* _TASK DESCRIPTION_: The part below that opens with the line containing "PandeBono Colombian 8/6pcs CODE: SOM052" and closes with the line containing "Figure 4. Mock-up used in this study." should be copied exactly, minus any pictures.

START RECORDS FOR THE TASK

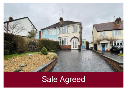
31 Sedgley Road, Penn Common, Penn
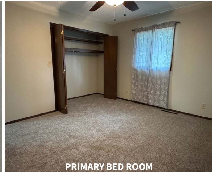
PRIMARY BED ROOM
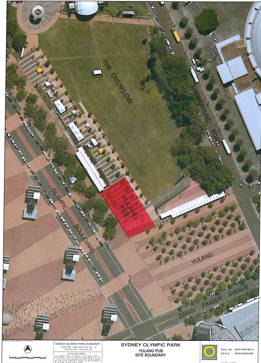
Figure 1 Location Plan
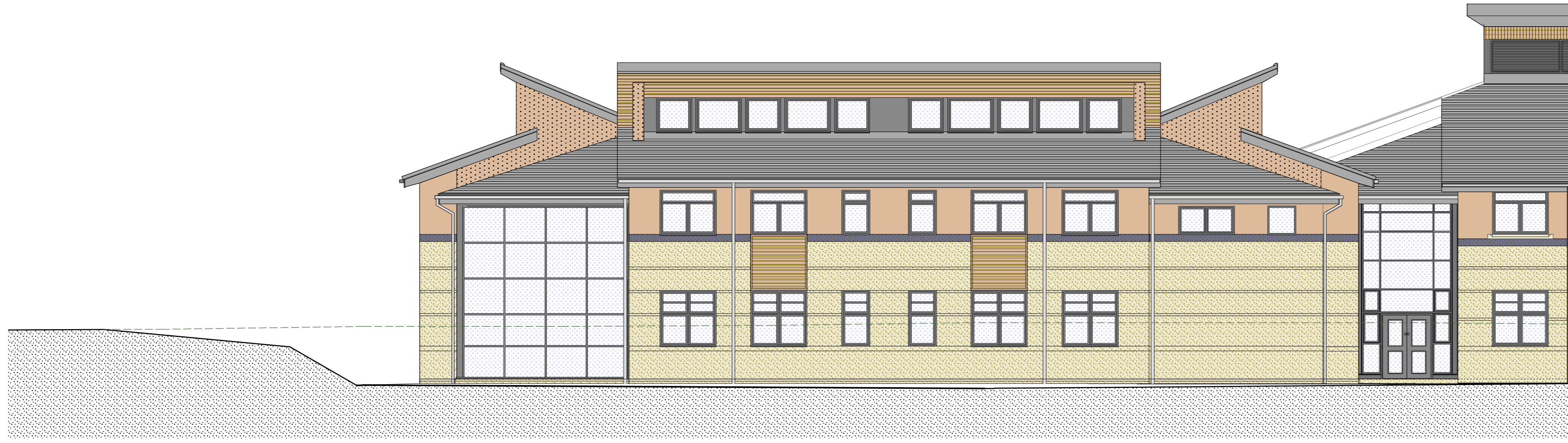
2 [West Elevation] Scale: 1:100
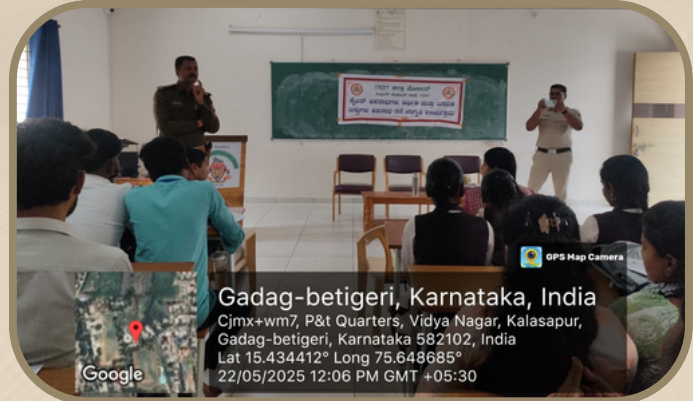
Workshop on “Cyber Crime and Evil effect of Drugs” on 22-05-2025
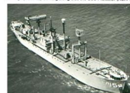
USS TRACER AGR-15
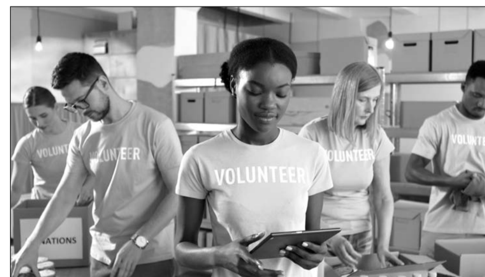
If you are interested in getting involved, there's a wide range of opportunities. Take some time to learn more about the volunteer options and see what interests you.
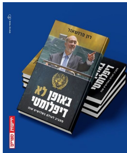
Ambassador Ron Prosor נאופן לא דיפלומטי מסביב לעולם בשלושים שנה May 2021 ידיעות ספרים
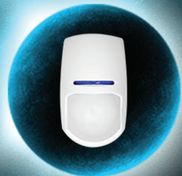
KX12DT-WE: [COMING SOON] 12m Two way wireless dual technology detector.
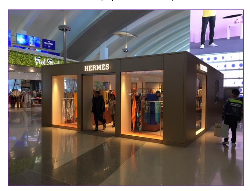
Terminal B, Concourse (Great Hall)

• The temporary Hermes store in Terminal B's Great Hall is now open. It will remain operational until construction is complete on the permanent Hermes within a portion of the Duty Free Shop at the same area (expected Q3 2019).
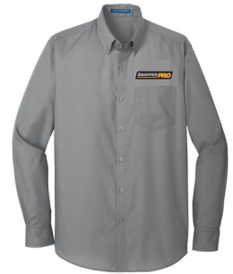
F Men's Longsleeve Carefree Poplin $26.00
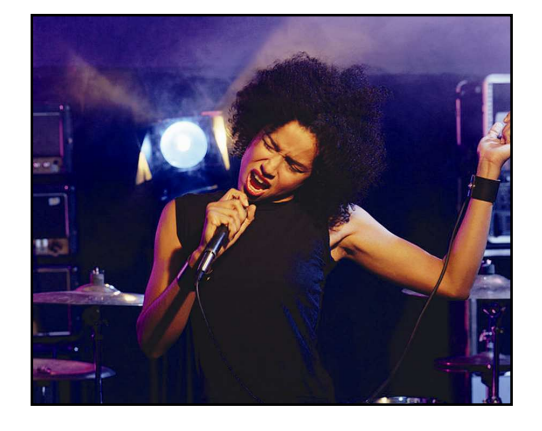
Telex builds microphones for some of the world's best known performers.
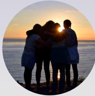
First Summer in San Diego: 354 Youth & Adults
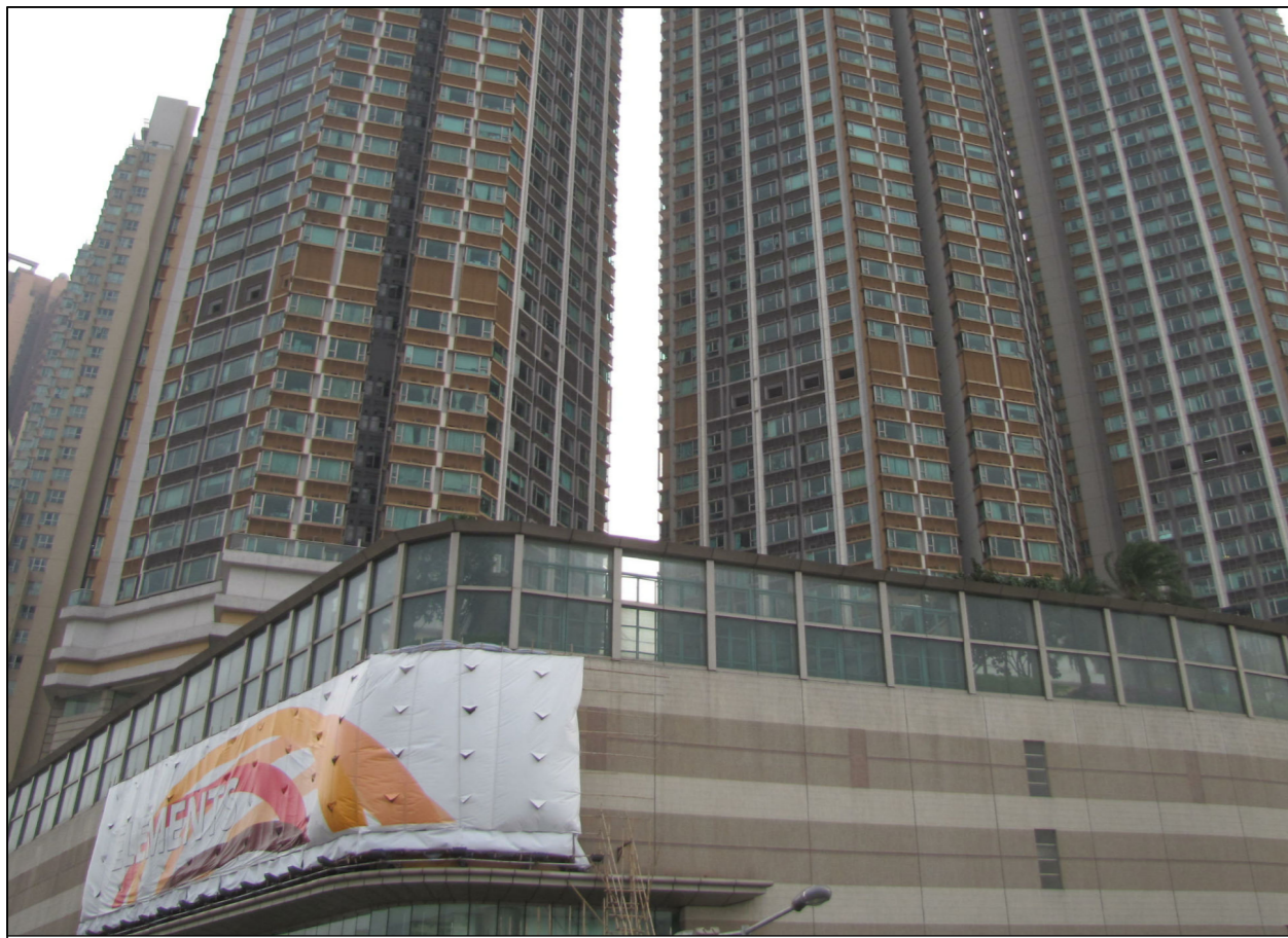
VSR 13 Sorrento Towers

END RECORDS FOR THE TASK
START RECORDS FOR THE TASK

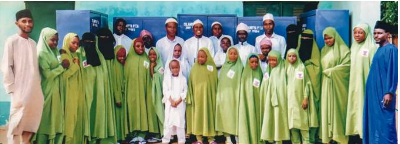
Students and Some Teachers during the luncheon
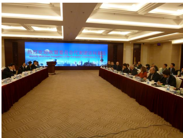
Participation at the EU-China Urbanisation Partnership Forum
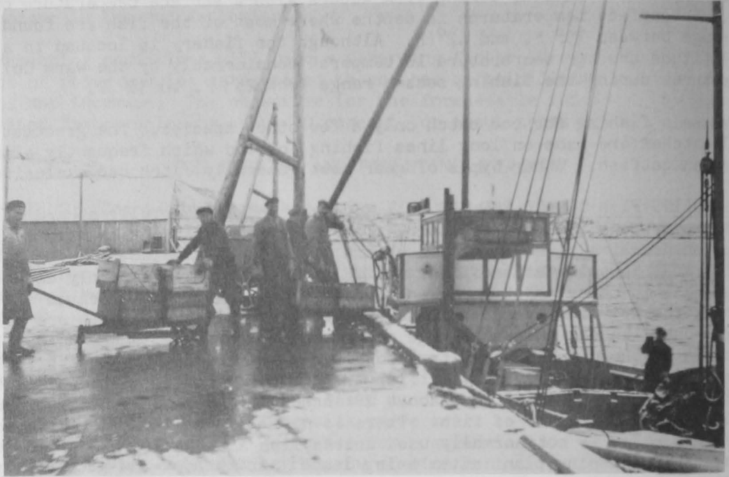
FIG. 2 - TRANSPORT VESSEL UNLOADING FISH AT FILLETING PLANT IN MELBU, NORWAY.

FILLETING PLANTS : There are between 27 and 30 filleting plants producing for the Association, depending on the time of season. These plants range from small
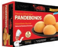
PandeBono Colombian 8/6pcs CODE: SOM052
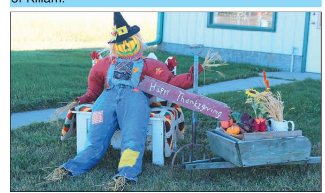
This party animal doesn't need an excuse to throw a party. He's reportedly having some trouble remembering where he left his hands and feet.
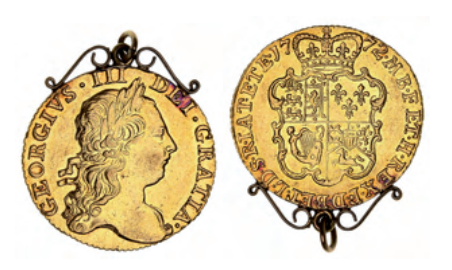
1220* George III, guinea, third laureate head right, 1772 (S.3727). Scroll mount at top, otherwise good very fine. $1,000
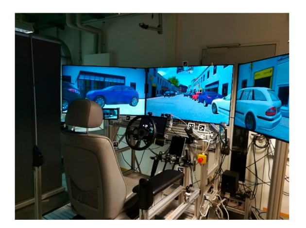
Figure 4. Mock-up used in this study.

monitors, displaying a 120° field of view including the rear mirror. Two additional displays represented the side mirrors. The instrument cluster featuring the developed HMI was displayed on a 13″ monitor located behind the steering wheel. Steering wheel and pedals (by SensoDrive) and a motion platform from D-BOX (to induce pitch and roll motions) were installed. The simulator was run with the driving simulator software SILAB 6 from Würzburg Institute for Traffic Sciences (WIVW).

END RECORDS FOR THE TASK

* _EXPECTED OUTPUT_:
PandeBono Colombian 8/6pcs CODE: SOM052
This party animal doesn't need an excuse to throw a party. He's reportedly having some trouble remembering where he left his hands and feet.
1220* George III, guinea, third laureate head right, 1772 (S.3727). Scroll mount at top, otherwise good very fine. $1,000
Figure 4. Mock-up used in this study.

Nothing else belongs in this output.